▼▼▼

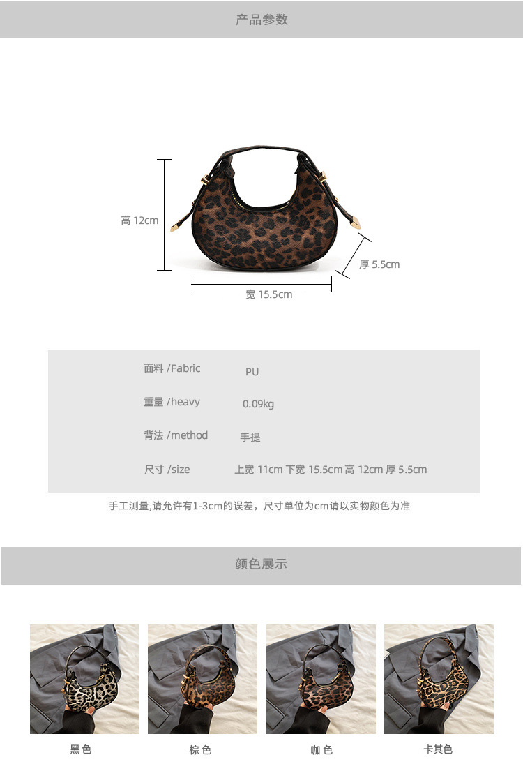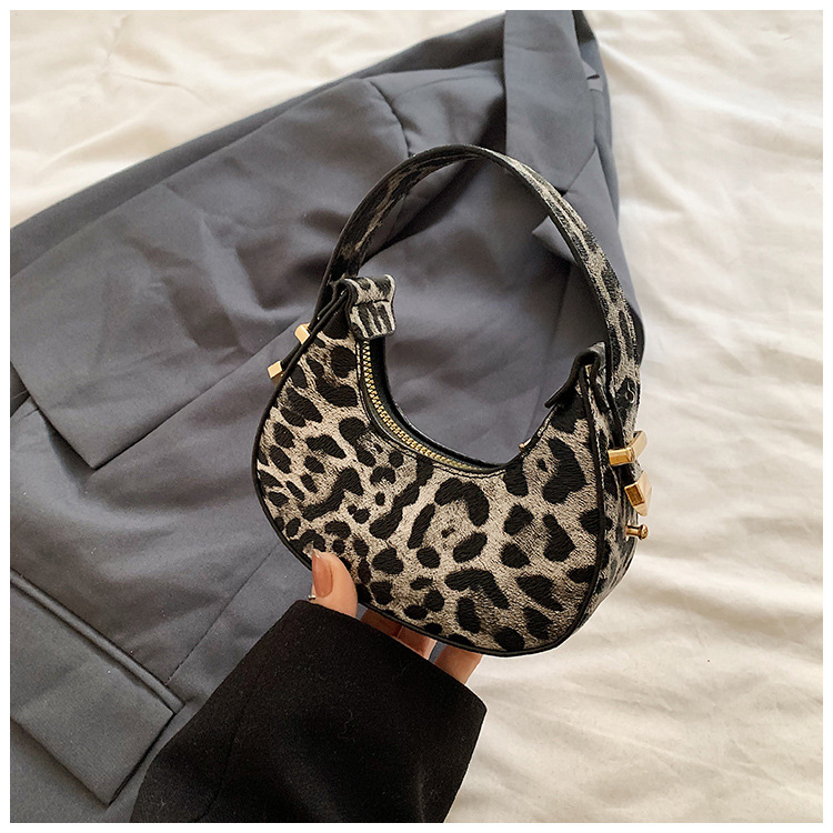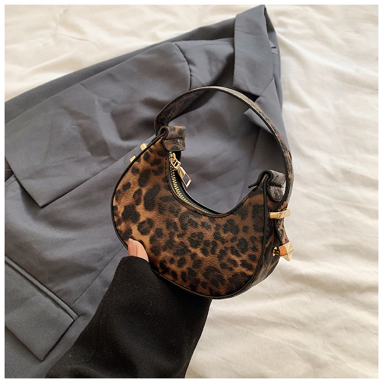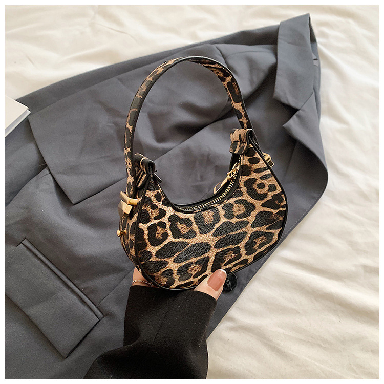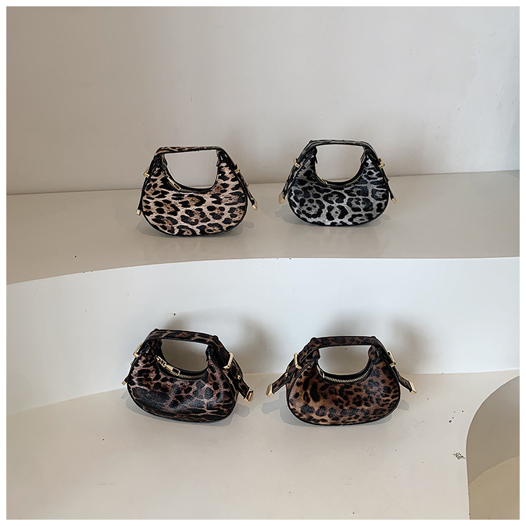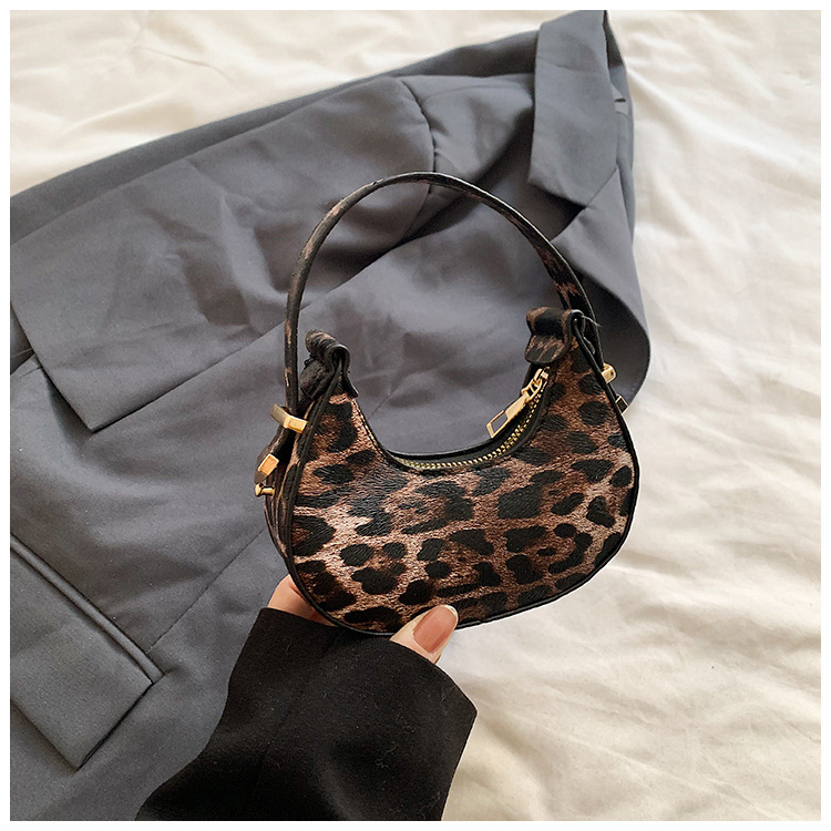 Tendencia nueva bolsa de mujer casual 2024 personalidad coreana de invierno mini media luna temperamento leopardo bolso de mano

▲▲▲
▼▼▼

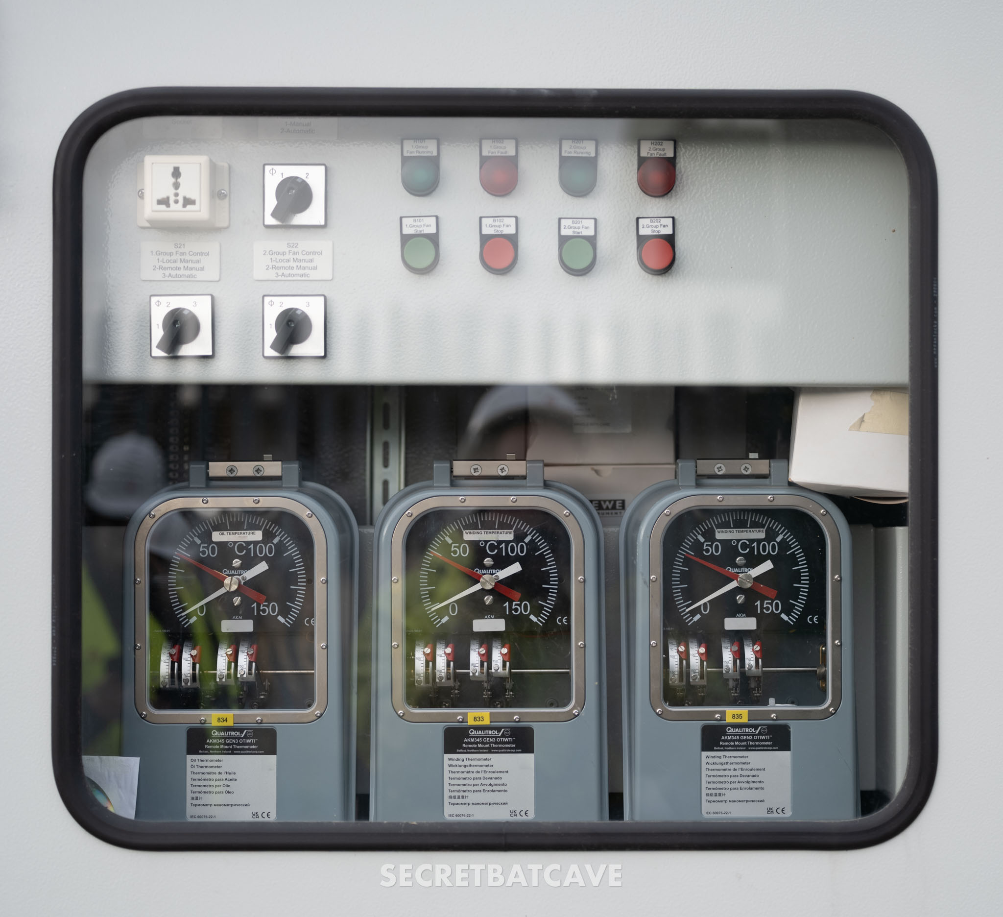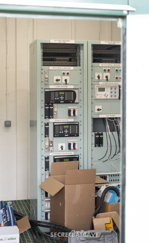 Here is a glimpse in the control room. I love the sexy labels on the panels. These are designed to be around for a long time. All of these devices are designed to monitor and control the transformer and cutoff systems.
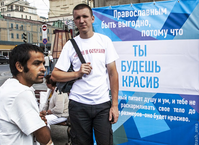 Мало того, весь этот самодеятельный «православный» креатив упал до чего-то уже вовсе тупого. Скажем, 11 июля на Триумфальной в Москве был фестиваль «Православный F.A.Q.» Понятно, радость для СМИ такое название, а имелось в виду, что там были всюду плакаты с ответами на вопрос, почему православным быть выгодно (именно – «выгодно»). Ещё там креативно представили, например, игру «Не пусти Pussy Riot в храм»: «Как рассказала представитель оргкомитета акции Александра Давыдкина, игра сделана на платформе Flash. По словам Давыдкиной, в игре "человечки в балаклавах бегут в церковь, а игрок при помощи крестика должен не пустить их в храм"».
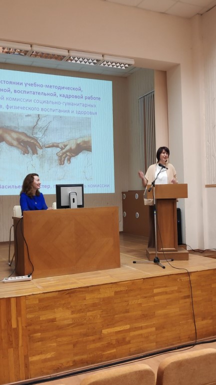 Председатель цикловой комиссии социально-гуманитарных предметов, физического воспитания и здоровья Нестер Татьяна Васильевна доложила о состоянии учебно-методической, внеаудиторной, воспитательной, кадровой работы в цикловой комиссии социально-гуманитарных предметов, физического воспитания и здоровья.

▲▲▲
▼▼▼

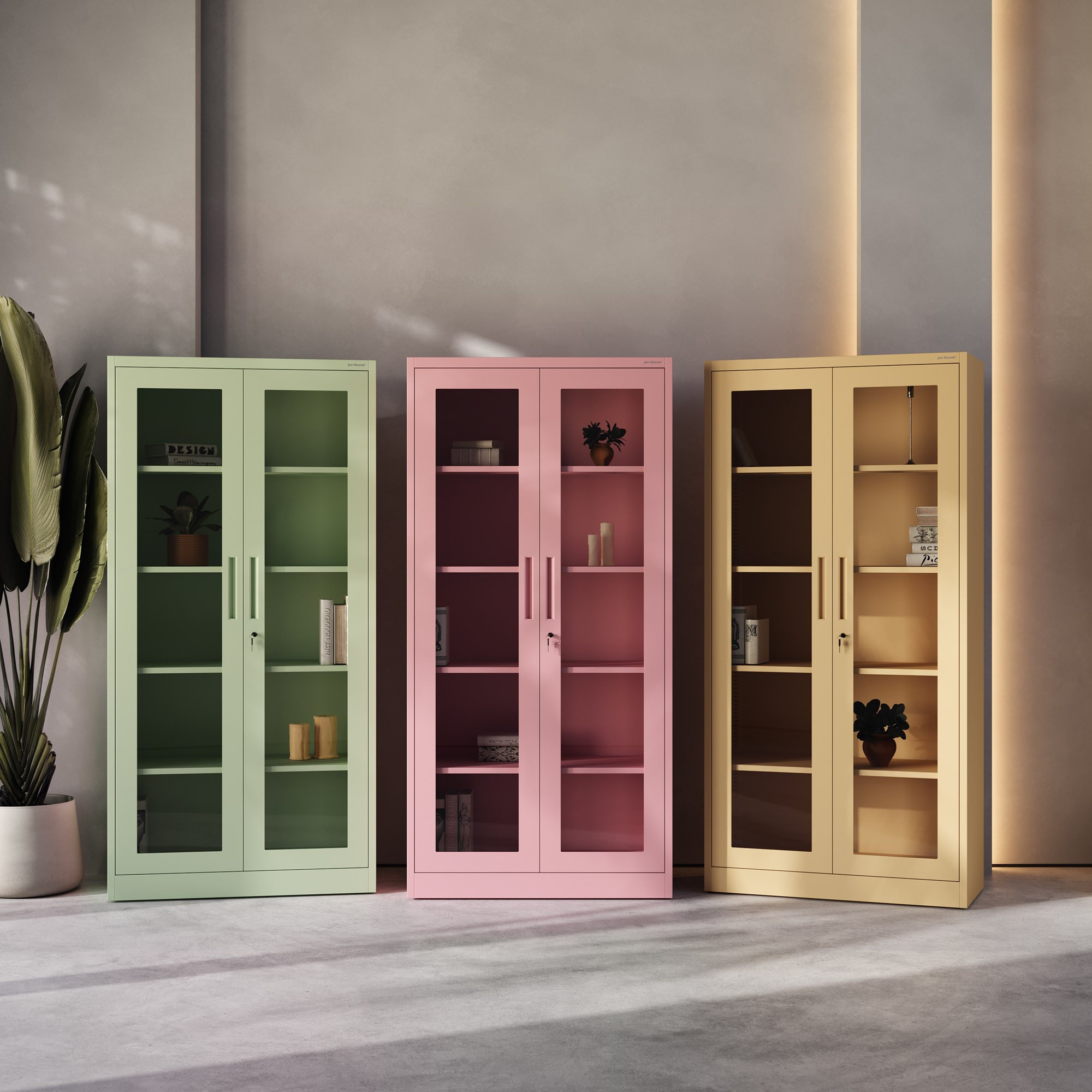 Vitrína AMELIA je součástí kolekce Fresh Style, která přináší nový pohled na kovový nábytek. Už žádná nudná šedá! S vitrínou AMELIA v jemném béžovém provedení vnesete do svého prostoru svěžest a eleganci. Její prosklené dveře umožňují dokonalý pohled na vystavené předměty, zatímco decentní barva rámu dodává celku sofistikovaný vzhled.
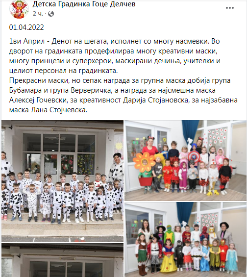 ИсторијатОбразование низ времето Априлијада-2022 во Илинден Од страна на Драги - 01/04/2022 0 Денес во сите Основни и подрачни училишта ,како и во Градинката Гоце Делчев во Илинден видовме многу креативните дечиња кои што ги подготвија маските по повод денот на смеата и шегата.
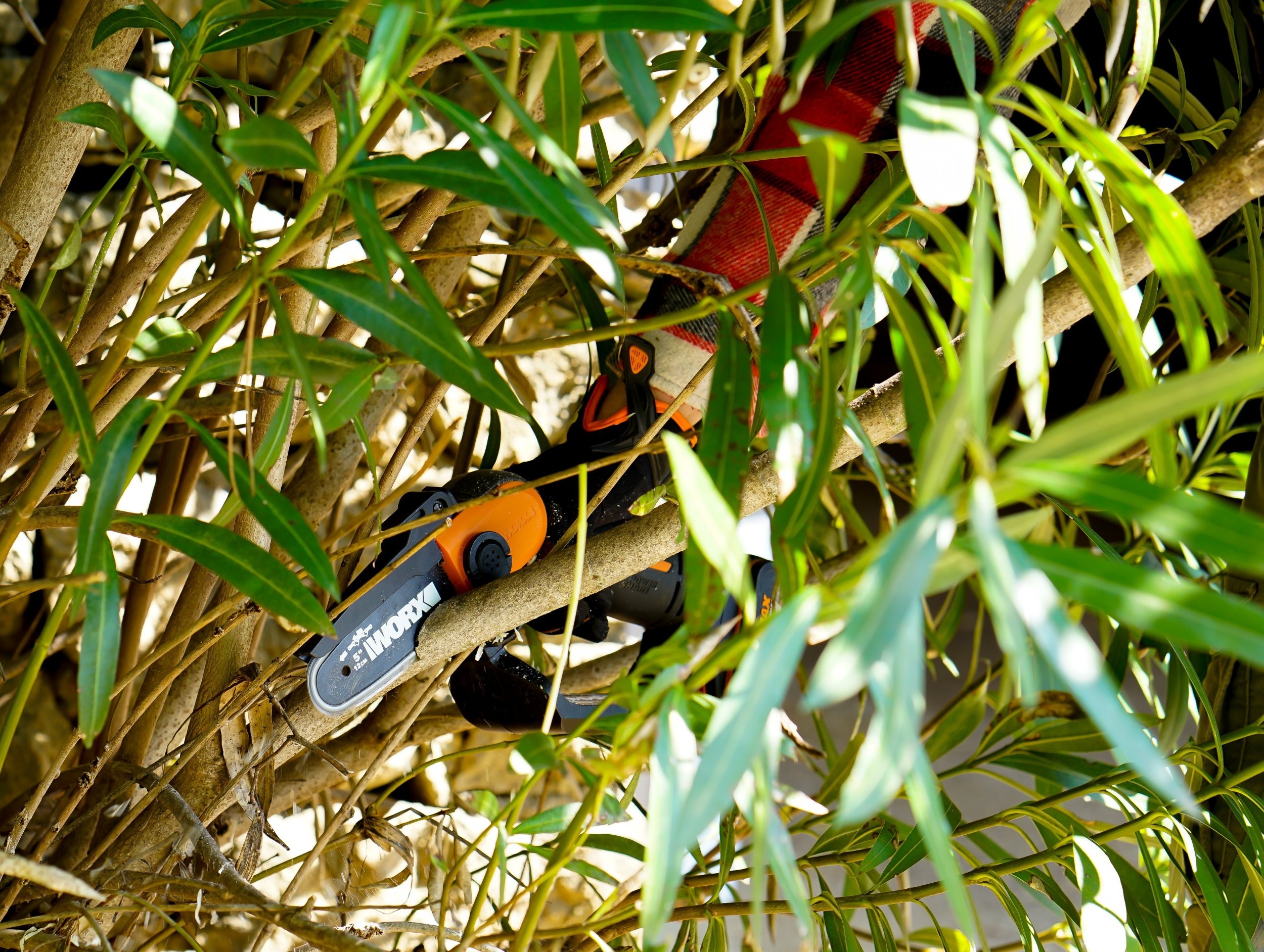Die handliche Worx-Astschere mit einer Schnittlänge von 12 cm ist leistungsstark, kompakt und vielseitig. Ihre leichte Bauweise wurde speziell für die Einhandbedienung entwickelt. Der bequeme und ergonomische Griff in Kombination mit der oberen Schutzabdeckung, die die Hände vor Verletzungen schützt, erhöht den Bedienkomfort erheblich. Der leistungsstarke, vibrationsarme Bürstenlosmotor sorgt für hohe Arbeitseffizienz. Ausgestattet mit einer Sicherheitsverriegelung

▲▲▲

→ **YOUR GOAL**: Which part of the entries opens with the line containing "Here is a glimpse" and closes with the line containing "Мало того, весь"? Output that part exactly, ends included, pictures excluded.

→ **RESPONSE**:
 Here is a glimpse in the control room. I love the sexy labels on the panels. These are designed to be around for a long time. All of these devices are designed to monitor and control the transformer and cutoff systems.
 Мало того, весь этот самодеятельный «православный» креатив упал до чего-то уже вовсе тупого. Скажем, 11 июля на Триумфальной в Москве был фестиваль «Православный F.A.Q.» Понятно, радость для СМИ такое название, а имелось в виду, что там были всюду плакаты с ответами на вопрос, почему православным быть выгодно (именно – «выгодно»). Ещё там креативно представили, например, игру «Не пусти Pussy Riot в храм»: «Как рассказала представитель оргкомитета акции Александра Давыдкина, игра сделана на платформе Flash. По словам Давыдкиной, в игре "человечки в балаклавах бегут в церковь, а игрок при помощи крестика должен не пустить их в храм"».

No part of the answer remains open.